The optical fiber reaches a new peak with a world record of 301 terabits per second!”

Engineers from Aston University have made a breakthrough by transmitting data at a speed 4.5 million times faster than conventional broadband. In collaboration with experts from the National Institute of Information and Communications Technology (NICT) in Japan and Nokia Bell Labs in the United States, researchers at Aston in Great Britain have achieved a remarkable breakthrough in the field of internet data transmission. Their technology is based on the use of wavelength bands previously untapped in fiber optic systems, thus setting a new world record for data transfer speed.

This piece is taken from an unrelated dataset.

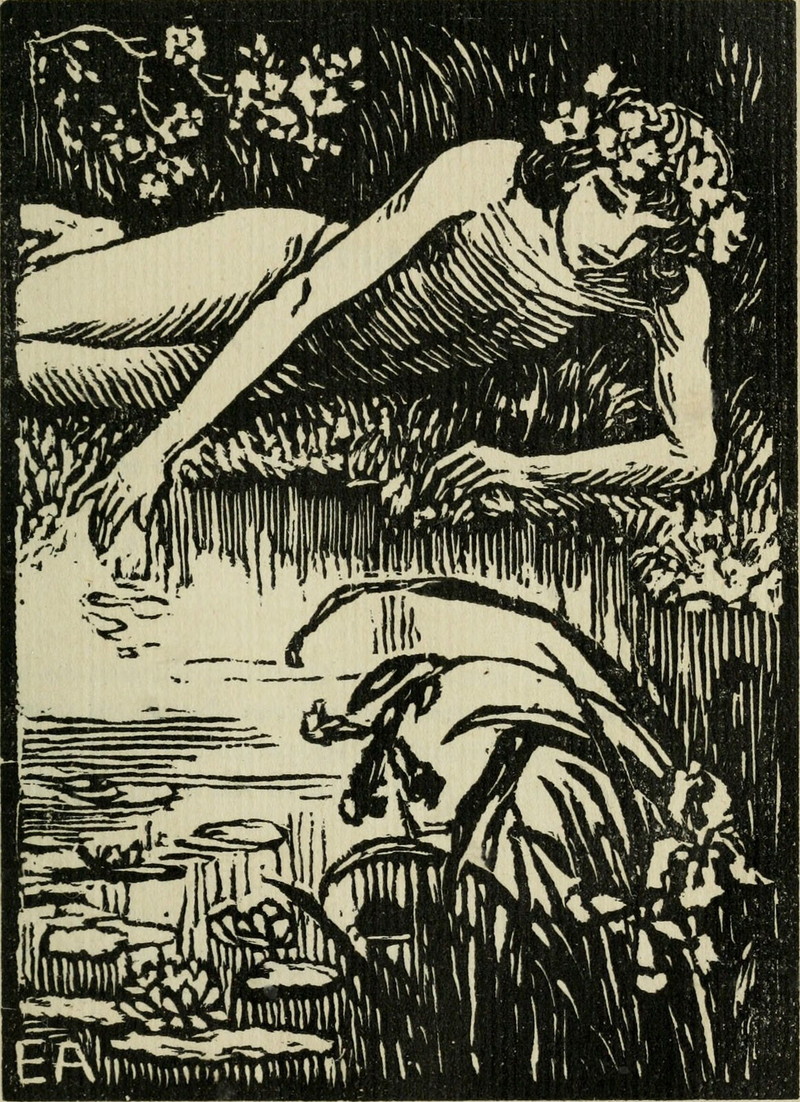 #vintage illustration #woodcut #reflection #greek mythology #narcissus

The result is not only impressive but also very promising, as they have managed to reach a speed of 301 terabits per second (Tbps). To give an idea of this performance, it represents a speed 4.5 million times higher than the average broadband available in most households. It's the equivalent of downloading an entire movie in a few hundredths of a second!

They exploited wavelength bands that had been untapped until now.

In its latest report, Ofcom indicates that the average download speeds for home broadband continued to grow. In March 2023, the average download speed was 69.4 Mbit/s, recording a 17% increase over the year. Ofcom is the English equivalent of ANRT in Morocco.

What makes this work even more remarkable is that the engineers exploited the existing infrastructure by simply increasing its capacity. Given that copper cables cannot support such speeds, the researchers opened new wavelength bands in the electromagnetic spectrum.

Ian Phillips, one of the lead researchers, explains: "In addition to the commercially available C and L bands, we used two additional spectral bands called E band and S band. Such bands are traditionally not needed as the C and L bands are sufficient to provide the required capacity to meet consumer needs."

The researchers also implemented amplifiers to ensure signal robustness over long distances.

In the case of fiber optics, the different wavelength bands equate to different colors of light transmitted along the fiber. To achieve these advancements, the researchers developed new devices such as optical amplifiers and optical gain equalizers.

Dr. Phillips explains: "In recent years, Aston University has developed optical amplifiers operating in the E band, which is adjacent to the C band in the electromagnetic spectrum but is about three times wider. Before the development of our device, no one was able to properly emulate E band channels in a controlled manner."

A "more ecologically sound" solution

According to Ian Philips and his colleague Wladek Forysiak, this approach has a dual benefit. On one hand, it offers a practical solution by increasing the speed of data transmission. On the other hand, it is economical and ecological, as it involves no changes to the existing infrastructure.

In their study published by the Institution of Engineering and Technology (IET), they state: "It is also a 'greener solution' than deploying newer fibers and cables, as it makes more use of the existing deployed fiber network, thus increasing its capacity to carry data and extending its useful life and commercial value."